The President currently faces the same problem at Sri Lanka Insurance. The insurance giant was returned to the ownership of the Treasury by an order of the Supreme Court. The company really was a veritable ‘jewel in the crown’ of the state. He appointed an academic – Dr. Nalaka Godahewa — who had previously run the company for the private sector but who stepped down when he realised the enormity of the charges being brought in the Supreme Court against his employer. While the President was absolutely spot-on in his choice of the senior management to steer Sri Lanka Insurance to greater heights and towards becoming a beacon of success of which the state and the private sector, could be justifiably proud of, unfortunately, there are some bad apples on board too. This has negated the effect of having a strong board consisting of capable and experienced men and has resulted in Sri Lanka Insurance continually losing ground.

At the last count Sri Lanka Insurance sales were down 4% year on year and was running at an astonishing 18% below target. Much of this has been placed at the doorstep of the ‘powers that be’ at board level, who for no apparent reason have encouraged the unions and flirted with the company cheque book – and the appointment of the Chairman is said to emanate from the Presidential Secretariat. SLI has lost so much of ground that the former private sector owner has been prompted to consider setting up his own rival insurance firm, which, with the corporate information within his knowledge and the refund due, will be a cakewalk.

There are numerous other instances of these situations where the President has been let down by his appointees – and the President frequently finds himself in a position of having to cover up. The President’s Men it seems have a collective penchant for shooting progress in the foot. Their short-termism and their personal agendas appear to be utterly at odds with the political programmes envisaged for the country at large.

The entry of Sarath Fonseka who is projected as a credible candidate has sought to create an alternative out of virtually nothing. In fact, the President does enjoy widespread popularity but the famed manoeuvring of Mangala Samaraweera and Ranil Wickremesinghe has seen the creation of some Presidential palpitation. They have brought to the foreground popular concerns like corruption. The problem of corruption is perennial in these parts of the world but what is even more galling in this instance is that the allegations hit on those around the Presidential family and not directly at the President himself. Unlike with previous occupants of Presidential House, there are no specific allegations of fraud against the President. A number of allegations have been exposed against those within his inner circle.

Combined effort

What the combined efforts of Wickremesinghe and Samaraweera have achieved is that they have contrived in their collective effort to rock the boat sufficiently to almost derail the Presidential plans for a post war renaissance period.

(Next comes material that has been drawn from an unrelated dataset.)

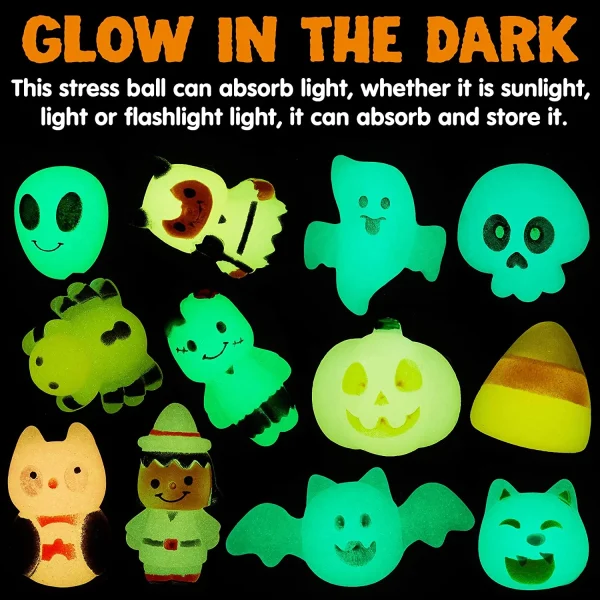 • Our Halloween mochi squishy Toys come in 24 pcs of soft and stress-relieving toys in 12 designs that glow in the dark.

For example, wastage is high on the list just as high as corruption. The opposition highlights many an instance but is significantly silent on the issue of the size of its own cabinet of ministers for example. That President Rajapaksa has been unable to address this issue in his first term is clearly because he was stymied in that area: with the slim margin and collective effort that brought him into power, there was little option but to engage in the highly risky business of giving all and sundry ministerial positions in order to keep the uneasy alliance at bay.

The President, if he was to chart a victory for himself and later for his party with minimal involvement from alliances, will be able to truly call the shots. That much is clear on paper when one considers the overall vote the SLFP has garnered in the last and most recent provincial elections. This would permit the President the luxury of ensuring that the cabinet is kept small and manageable and that he would be in a position to enforce discipline and moderation at the highest levels of government.

This is a luxury that the alliance led by Sarath Fonseka and his experienced political allies will most certainly not have. For, theirs is an alliance of a number of disparate alliances, all of whom will inevitably jockey for positions and recognition in the event of a victory for their alliance – it would be utterly wishful thinking to believe otherwise.